President Obama assured us that the Libyan rebels were doctors and lawyers and professionals, which must have seemed preposterous even to him as the words exited his mouth.
Turns out doctors and lawyers and professionals probably wouldn’t be caught dead with this band of effete “warriors.” At least that’s how the Los Angeles Times tells the story:

Mostly in their 20s and 30s, they have known nothing but Kadafi, who has held power for more than four decades…
They live public lives on Facebook and Twitter, love rap music, “Dancing With the Stars” and “American Idol.” They communicate by text message — at least they did until Kadafi family members who own Libya’s cell networks cut most service to eastern Libya.
Too bad about that cell network being down. That undoubtedly hampers the rebels’ efforts to vote for their favorite American Idol. Please do not call until the show is over.
When they should be shooting at the enemy, they shoot souvenir photos and videos on cellphones and point-and-shoot pocket cameras. Many of them commute to the front, driving their dusty cars back home to rest and freshen up…
They drive home to freshen up? Oh, yeah, this war is going to go well.
Most of the fighters know nothing of guns because the weapons were banned under Kadafi. Getting caught with a gun meant prison or, in some cases, death.
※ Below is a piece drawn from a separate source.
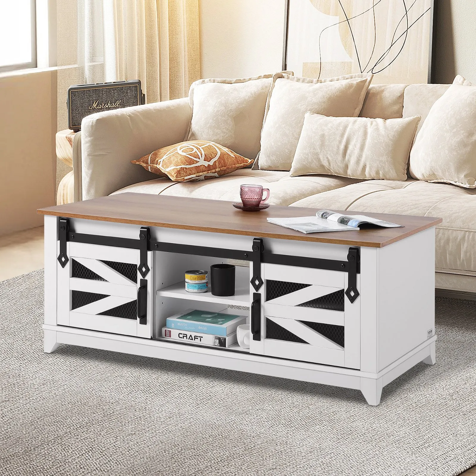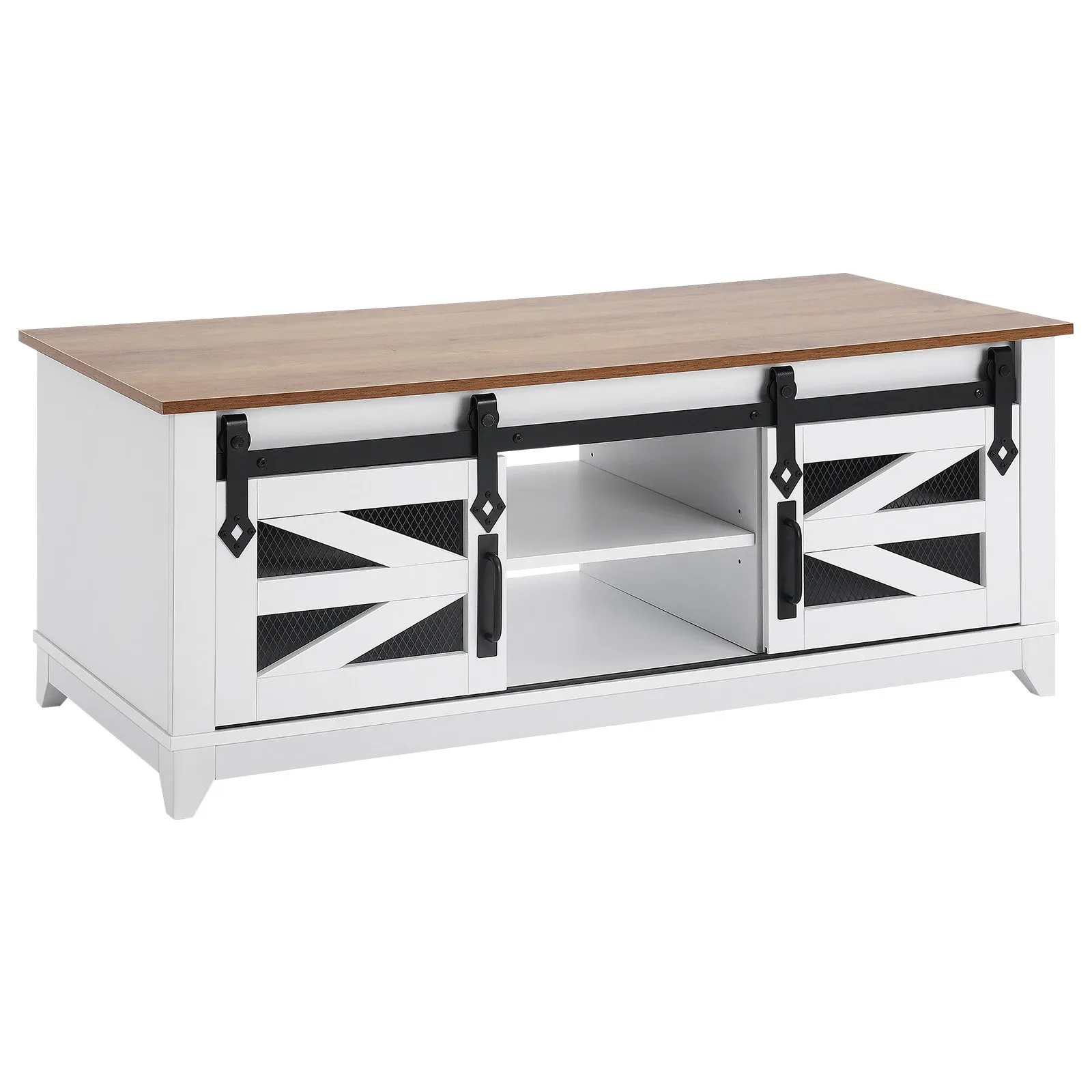 Posuvné dvere v štýle stodoly: Tento konferenčný stolík vo vidieckom štýle má posuvné dvere v štýle stodoly so zabudovanou kovovou sieťovinou a kovaním v tmavohnedej železnej farbe, ktoré mu dodávajú šarm a estetickú príťažlivosť a zároveň mu dodávajú osobitý vzhľad. Vysokokvalitné koľajnice zaisťujú plynulý chod a umožňujú jednoduchý prístup k skrinkám a zároveň šetria miesto.

Illicit but alluring, guns are objects of mystery and fascination for the men and boys of eastern Libya. Now that they at last own firearms — looted from government garrisons overrun by protesters in February — the would-be soldiers fire them randomly and wildly. They have wasted thousands of rounds, prompting commanders to begin charging one Libyan dinar (about 80 cents) per bullet.
“For so long, we wanted guns but could never touch one,” said Ibrahim Ahmad, a 20-year-old who said his mother urged him to find a gun and fight. “Now we want to shoot them all day because it feels so good.”
This is no way to maintain liberal support in America, Ibrahim.
The approved quote was supposed to be, “I don’t kill people. Guns kill people. Shooting this implement of death feels terrible, but I only do it to rid the world of a dictator and for the glory of Barack Obama.”
There. That’s more like it. The check is in the mail.
Source: Los Angeles Times
This post was last modified on January 26, 2021

View Comments (6)
I want to laugh because this sounds like a bad joke.
So let me get this straight. Dinglebarry and his inept minions want to take guns away from Americans and give them to America's enemies, that right? I understand that America's enemies are Dinglebarry's friends, but.....
Not sure why the U.S. uses so much military might in the Middle East to try to show how nice America is and to try to "Americanize" the countries when they could just win over the populace via American television shows.
"the would-be soldiers fire them randomly and wildly"-- often in the air which will not only waste ammo but can, rather has brought upon them NATO strikes because of being mistaken for the enemy firing at NATO planes.
These young guys want to shoot all day because it feels so good? hmmmm is that a mortar round in your pocket or are you just glad to see me?
That young effete rebel in the picture looks like he's checkin' himself out in a mirror. "Do these bullets make me look fat?"